Research apparently tells us the average time a teacher waits for an answer to a question before moving on to another student is ONE second! Let’s slow down a bit and give the poor students time to digest the question and formulate an answer.
3 3. ‘Shut up!’
Any shouting or aggressive imperatives should be avoided. A noisy class is just made noisier if the teacher shouts and none of us respond very well to such unfriendly instructions. How do you feel is someone shouts at you? We don’t want to create a negative atmosphere. Quite often students carry on talking to each other because they are focussed on what they are doing and don’t notice the teacher trying to get their attention. That’s actually great: it shows they are immersed in their work.
In a noisy class I tend to speak very quietly. Students notice that I’m speaking and that they can’t hear me. Their curiosity gets the better of them and they start shushing each other, quietening each other down until they hear what I am saying.
I also use different gestures to signal that it’s time for me to talk. For example, I train the students that when they see me standing at the front of the class waving my arms in the air, they should stop talking, face me and also wave their hands in the air. Some students do take some time to notice, especially if their heads are down or they are focussed on classmates. But other students elbow them or tell them and soon enough they are quiet and looking at me. This works well with younger students but I also have great success with this strategy with adults!
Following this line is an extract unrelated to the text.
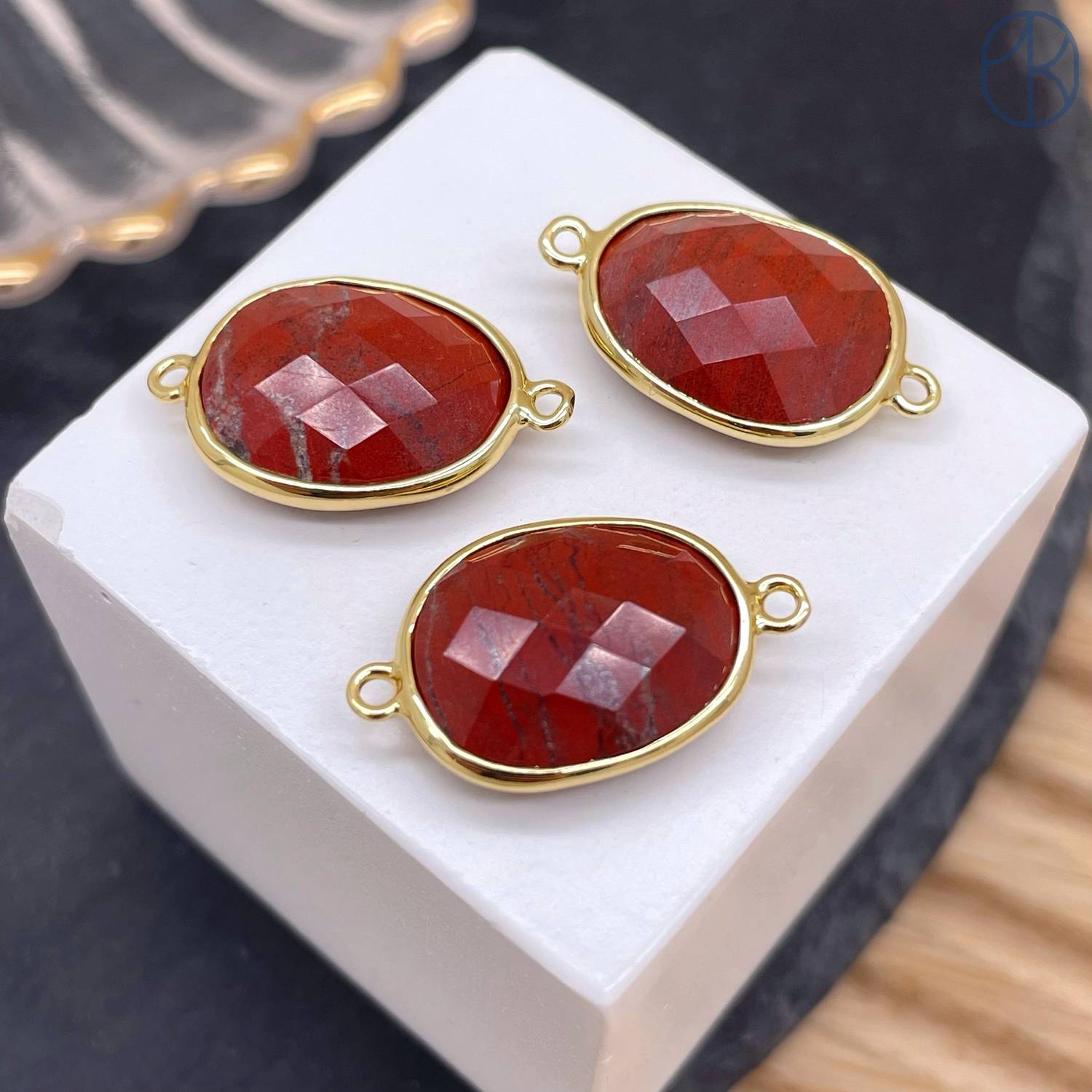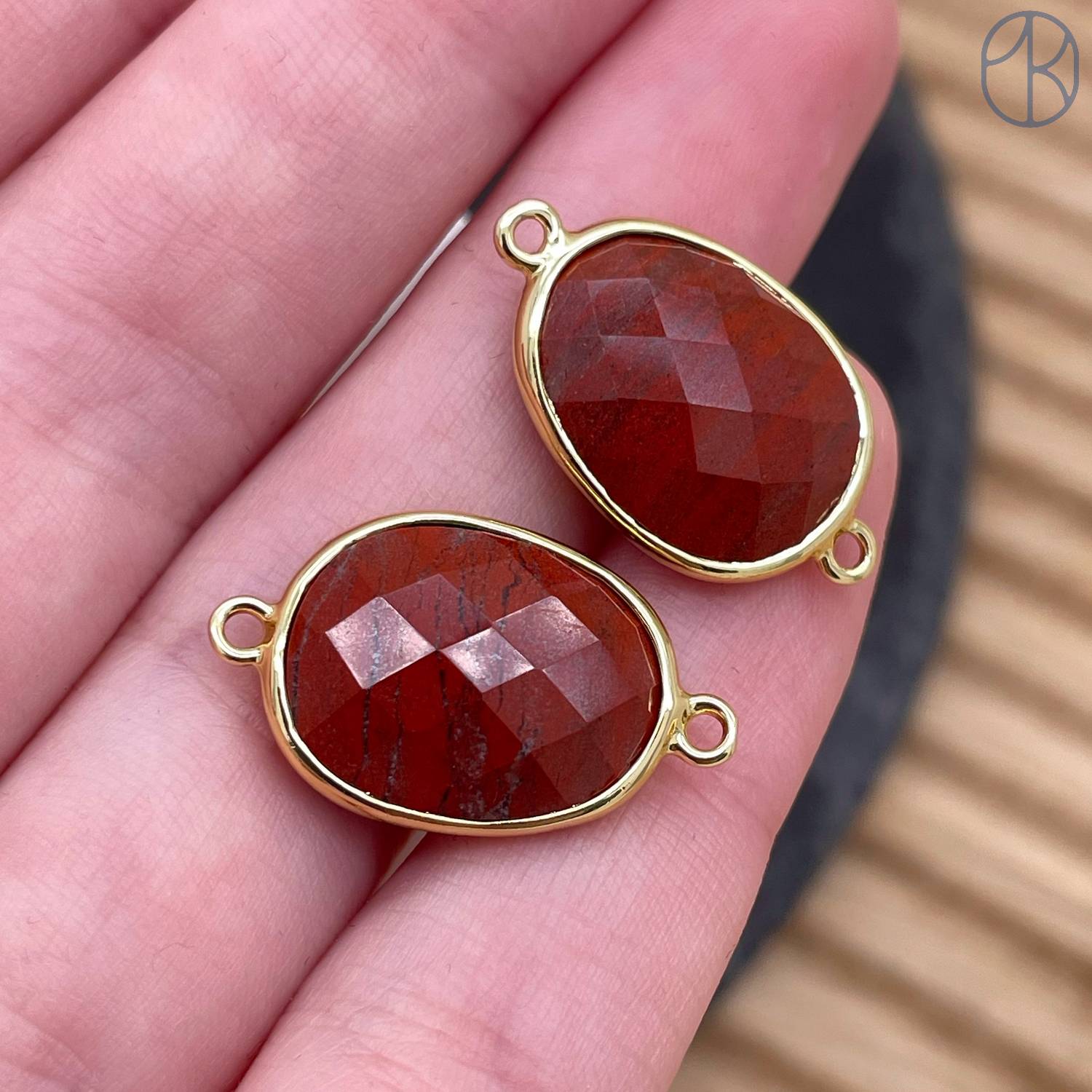 Коннектор овал огранка яшма красная, цвет золото ~ 16 мм

Different teachers have different successful strategies for getting attention and quiet. One teacher I saw in Croatia uses a loud squeaky plastic toy. A few squeezes and everyone is quiet. It’s fun, it’s friendly, it’s not aggressive and it works.
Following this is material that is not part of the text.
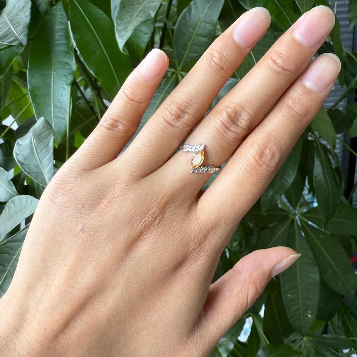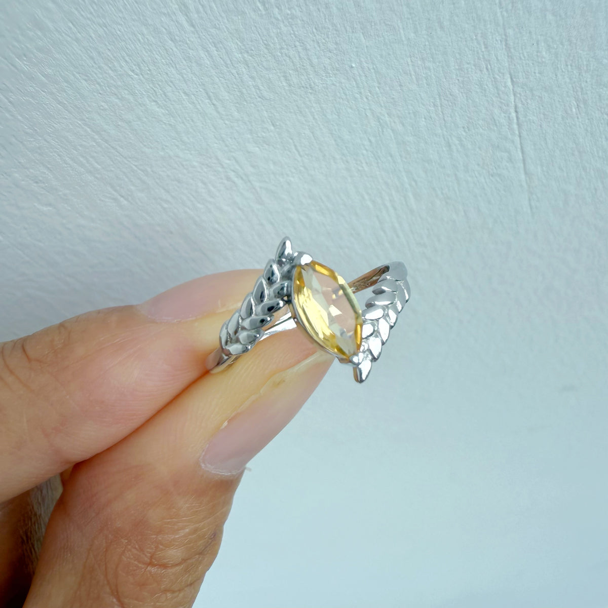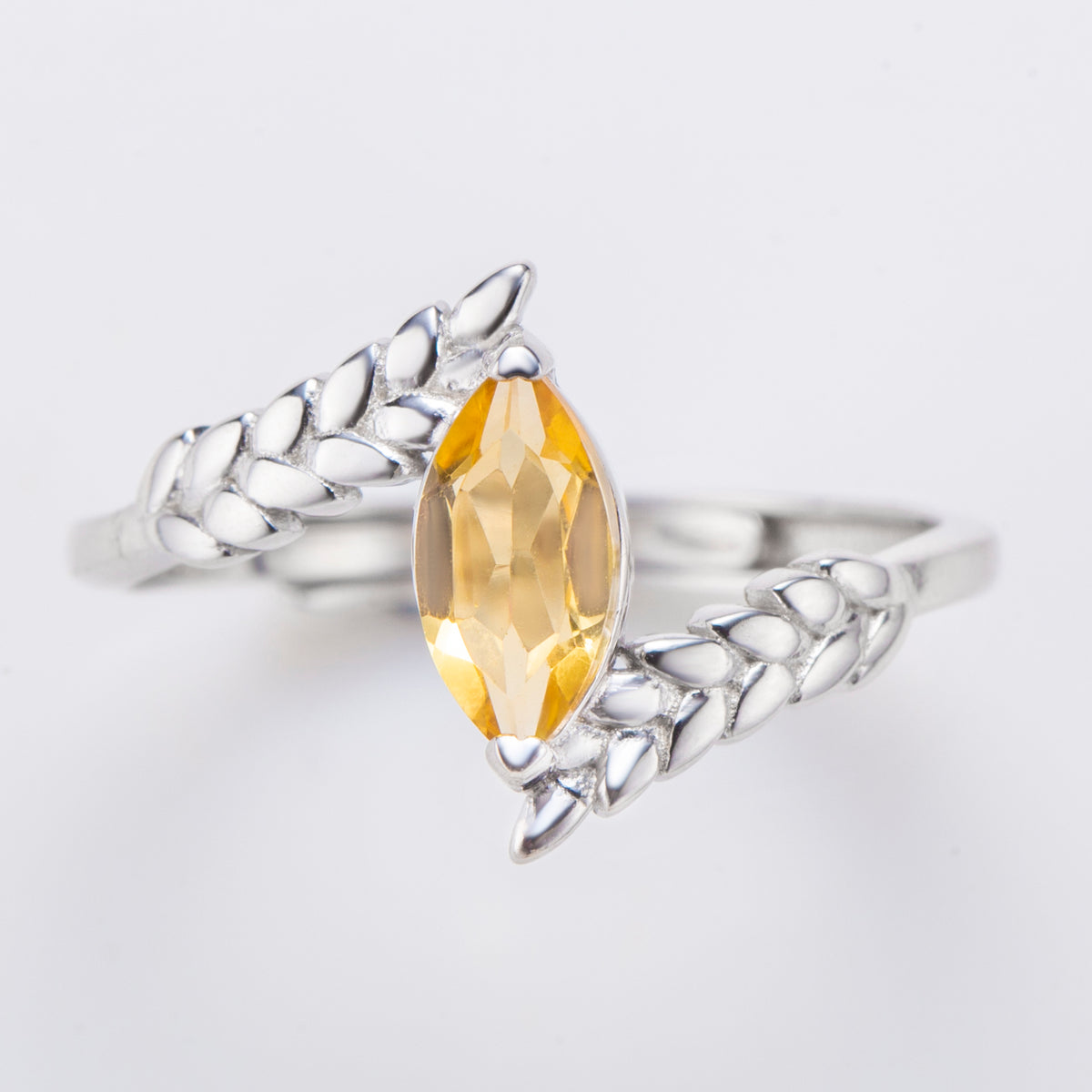 Natural Marquise Citrine Wheat Sterling Silver Ring

4. ‘You’re stupid, lazy, bad etc’
When I was about six or seven years old, we started every school day with a hymn. I loved singing. It was joyous and energetic. One day as we were signing a teacher was standing next to me and when we finished she quietly commented ‘Oh dear, Olha, you can’t sing at all.’ After that I never sang in school assembly, I merely moved my mouth to look as if I was singing. In fact, I have never learnt to sing after all this time. That teacher (a very inappropriate label for someone who so demotivated a young child) had completely destroyed my confidence. The trouble is students, even teens and adults, tend to believe what teachers say. We are, after all, in positions of authority and who should know better than us?
If we tell a student they are stupid, for example, one of two things is likely to happen.
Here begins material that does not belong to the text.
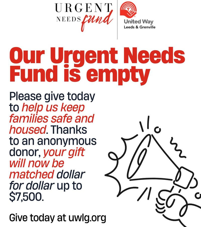 United Way of Leeds & Grenville Urgent Needs Fund Needs Your Help
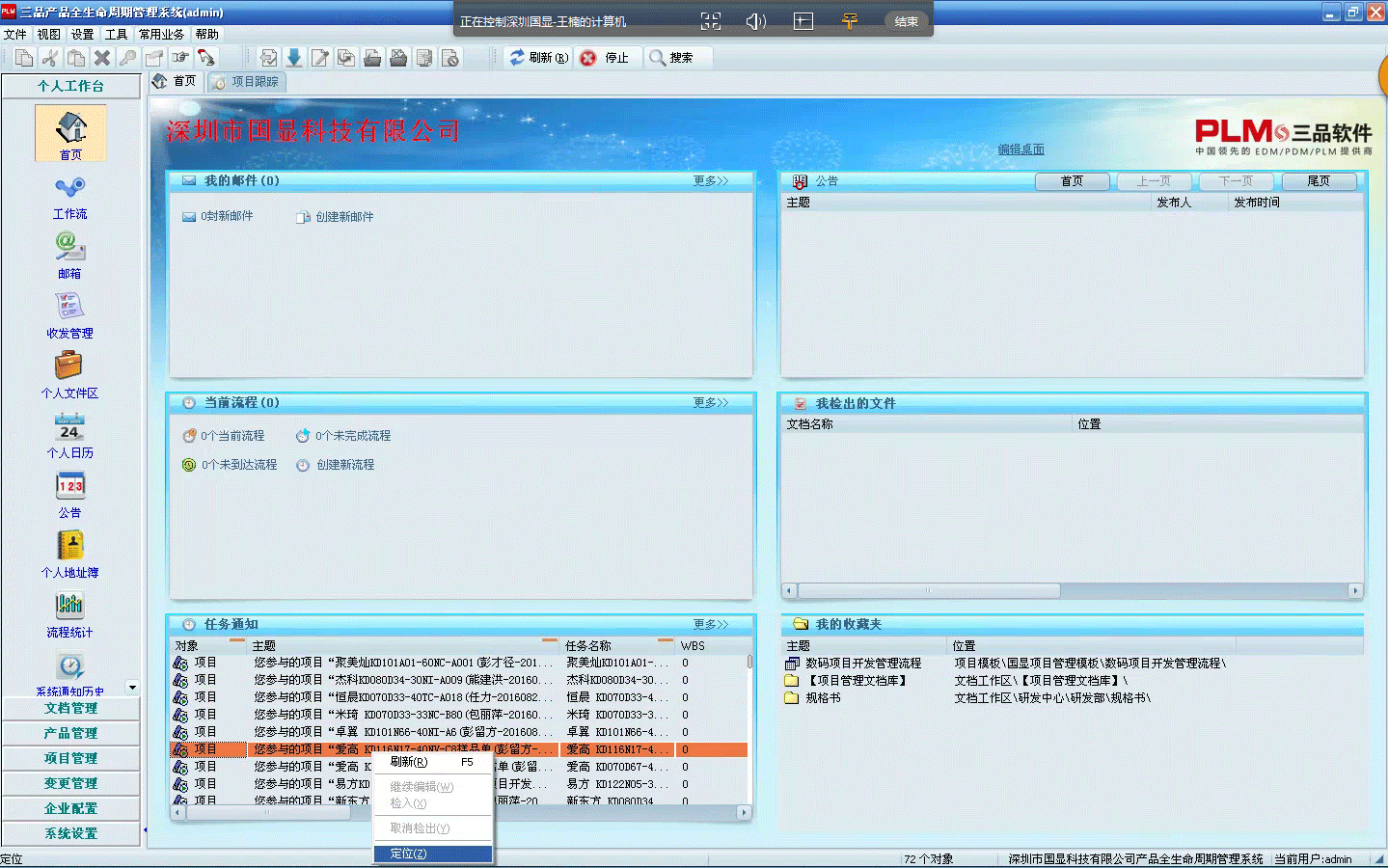 通过PLM系统协助国显科技建立统一的图文档资料协同管理平台,搭建了各部门文件夹目录框架,各部门规范各类文档资料,实现图文档数据集中、规范管理,也方便查找与使用。

(A) They will NOT believe us but consider us a very bad judge of students, lose all respect for us and ignore us most of the time from then onwards. They will lose motivation in the lessons and over time justify our judgement.
(B) They WILL believe us, be dispirited and stop making any effort, believing it’s a waste of time. They will lose motivation in the lessons and over time justify our judgement.
So our words become self-fulfilling prophesies.
We must be careful what we say. That teacher told me I couldn’t sing fifty years ago. I still feel a great sense of being wronged. Why didn’t she try to teach me to sing? Why didn’t she encourage me? Why didn’t she appreciate my joy of singing? Why did she have to say something so negative?
We should be very careful about what we say to students. They do hear us. We can undermine our mission or we can make our positive messages stronger.